• [EXCERPTED DATA]

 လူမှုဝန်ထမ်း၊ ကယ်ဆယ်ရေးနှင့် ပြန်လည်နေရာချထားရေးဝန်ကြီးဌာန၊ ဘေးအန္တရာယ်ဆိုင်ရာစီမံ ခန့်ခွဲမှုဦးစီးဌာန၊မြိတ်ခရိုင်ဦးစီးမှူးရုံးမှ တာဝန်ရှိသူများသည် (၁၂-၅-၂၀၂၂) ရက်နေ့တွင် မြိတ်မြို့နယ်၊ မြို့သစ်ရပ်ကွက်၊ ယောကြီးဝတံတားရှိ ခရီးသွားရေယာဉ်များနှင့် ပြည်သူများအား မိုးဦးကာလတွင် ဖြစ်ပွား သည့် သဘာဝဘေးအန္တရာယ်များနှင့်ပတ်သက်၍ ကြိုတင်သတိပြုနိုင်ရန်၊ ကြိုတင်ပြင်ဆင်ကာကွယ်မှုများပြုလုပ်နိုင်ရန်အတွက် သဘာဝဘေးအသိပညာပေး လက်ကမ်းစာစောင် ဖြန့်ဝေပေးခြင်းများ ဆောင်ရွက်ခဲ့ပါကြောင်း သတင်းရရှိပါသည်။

--

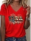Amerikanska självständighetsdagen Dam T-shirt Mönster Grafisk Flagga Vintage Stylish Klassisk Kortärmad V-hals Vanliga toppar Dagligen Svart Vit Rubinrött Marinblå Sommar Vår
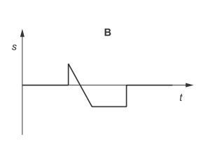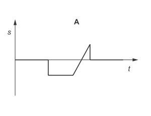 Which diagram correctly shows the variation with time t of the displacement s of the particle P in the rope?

• [BRIEF] Within the listing above, the stretch from the line with "Amerikanska självständighetsdagen Dam" down to the line with "Which diagram correctly" is to be given again exactly, end lines included and pictures excluded.

• [RESPONSE TO THE EXERCISE]
Amerikanska självständighetsdagen Dam T-shirt Mönster Grafisk Flagga Vintage Stylish Klassisk Kortärmad V-hals Vanliga toppar Dagligen Svart Vit Rubinrött Marinblå Sommar Vår
 Which diagram correctly shows the variation with time t of the displacement s of the particle P in the rope?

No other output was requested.